Personal information
- Born: April 13, 1963 (age 63) Everett, Washington, U.S.
- Listed height: 6 ft 3 in (1.91 m)
- Listed weight: 270 lb (122 kg)

Career information
- High school: Ernest Righetti (Santa Maria, California)
- College: Cal State Fullerton
- NFL draft: 1987: 9th round, 241st overall pick

Career history
- New York Jets (1987)*; Denver Broncos (1987); New York Giants (1988)*; Kansas City Chiefs (1988);
- * Offseason or practice squad member only

Career NFL statistics
- Games played: 9
- Stats at Pro Football Reference

= Ron McLean (American football) =

American football player (born 1963)

Ron McLean (born April 13, 1963) is an American former professional football player. He spent two seasons as a defensive lineman in the National Football League (NFL), playing for the Denver Broncos in 1987 and then the Kansas City Chiefs in 1988.

== Early life ==
McLean graduated in 1982 from Righetti High School in Santa Maria, California. As a senior for the Warriors, he was selected for All-Northern League First Team and All-CIF Division 2 Second Team honors.
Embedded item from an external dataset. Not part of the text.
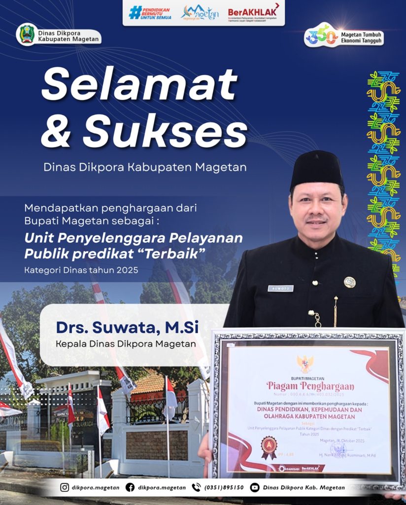 Dinas Pendidikan, Kepemudaan dan Olahraga Kabupaten Magetan kembali menorehkan prestasi membanggakan. Pada momentum peringatan Hari Jadi Kabupaten Magetan ke-350, yang digelar melalui upacara di Alun-Alun Magetan pada tanggal 12 Oktober 2025, Dinas Dikpora menerima Piagam Penghargaan dari Bupati Magetan sebagai Unit Penyelenggara Pelayanan Publik Kategori Dinas dengan Predikat “Terbaik” Tahun 2025.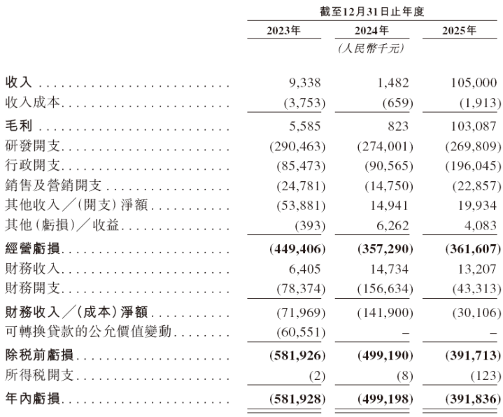 招股书涌现,在已往的2023年、2024年和2025年,剂泰科技的营业收入分裂为东谈主民币933.8万、148.2万和10,500.0万元,相应的净去世分裂为东谈主民币5.82亿、4.99亿和3.92亿元,相应的净去世分裂为东谈主民币3.47亿、2.40亿和1.80亿元。

He then played at Cal State Fullerton.

== Professional career ==
McLean was selected in the ninth round of the 1987 NFL draft, with the 241st overall pick, by the New York Jets.

He played in three regular-season games as a rookie nose tackle with the Denver Broncos, being a replacement player, before being converted to defensive end and playing six regular-season games in his second season with the Kansas City Chiefs.